How to handle this situation

There are a few approaches I recommend if you feel like you’re  stuck in an uncomfortable citation after a mistake has been made, and you don’t know how to move forward.

  1. I work to get supported and/or complete what happened. I deal with any of my upset, my sense of unfairness. Whatever processing I need to do, I do, if not before the email, definitely before the call. 
  2. Write them an email. Take responsibility for the impact of what happened. Tell them, it is on me as a coach. If you had an experience of me not being with you or not supporting you, that’s on me. I might explain or share the intention, but I primarily take responsibility for their experience. 
  3. Offer a call to clear things up. “Hey, would you like to make a call when we talk about this? I can clean up with you, work on the impact, and you can share your experience.” 
  4. Offer a call to complete your work together and wrap up what they have done. It’s possible through the process that they might decide to keep working with you, but I don’t bring that up or talk about it myself—that is for them to decide.

There’s a lesson to be learned. 

We all make mistakes, which only become a big deal when we learn nothing from them. There’s a lesson to be learned in all these situations, and if you look for it, you come out the other side better prepared for future situations where you may be challenged again.

For example, in my situation, I learned that if someone comes to me with an issue about paying, the number one thing they need in that moment is empathy. It is a vulnerable conversation to bring up, so they need to leave that conversation feeling genuine empathy for their circumstances and not feeling as though they were judged in any way for things beyond their control.

Now, when a client brings me a challenge, I know that my number one job is to ensure that the final note they are left with after our session is a note of empathy. 

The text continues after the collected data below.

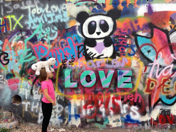 Before Thanksgiving, my family made an outing to Hope Park in Austin. It’s the kind of thing that’s difficult to describe; you have to see it in person to get the full effect. Basically, an empty lot was appropriated by the city and made into a graffiti park, where (it seems) there are no rules and anarchy reigns. All you need is some spray paint, artistic vision, and something positive to say. As you can see, there is a lot being said, all the time. Since people are constantly painting over older works, the park itself is ever-evolving—a dynamic entity of self-expression in the heart of downtown Austin.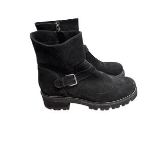 La Canadienne Kian Waterproof Buckle Bootie in Black Suede Women's 9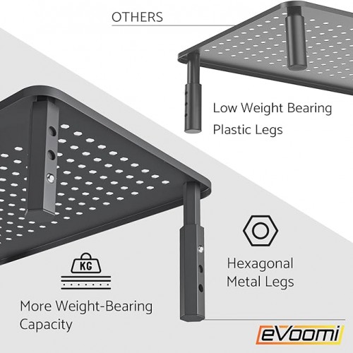 - This Dual Monitor Stand is a Back Saver – Posture, Performance & Circulation: Tense neck? Evoomi’s Ergonomically Optimized Eye Level height promotes proper posture and optimal circulation.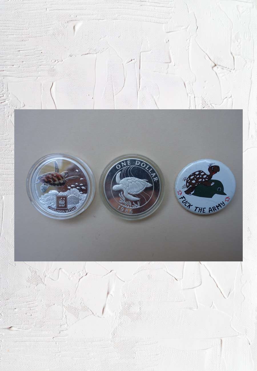 von links: Silbermünze mit farbig eingelegter Schildkröte (100 Shillings) aus Tansania; Silbermünze, Bermuda (rückseitig mit Porträt der Königin Elizabeth II) und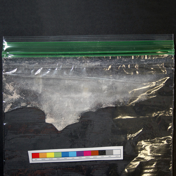 Tan powder in baggie. Sample acquired in 2021.

Now, this doesn’t mean my approach couldn’t have worked on another person—I like to be challenged, and I believe that my approach would have worked for me if it was myself on the other side of that coach-client relationship. But the lesson I took from this situation was that it is better to err on the side of caution and empathy when this problem arises. 

You know something in life is a lesson when you realize it’s not about you or the client being right or wrong. It’s about a new piece of information coming to light.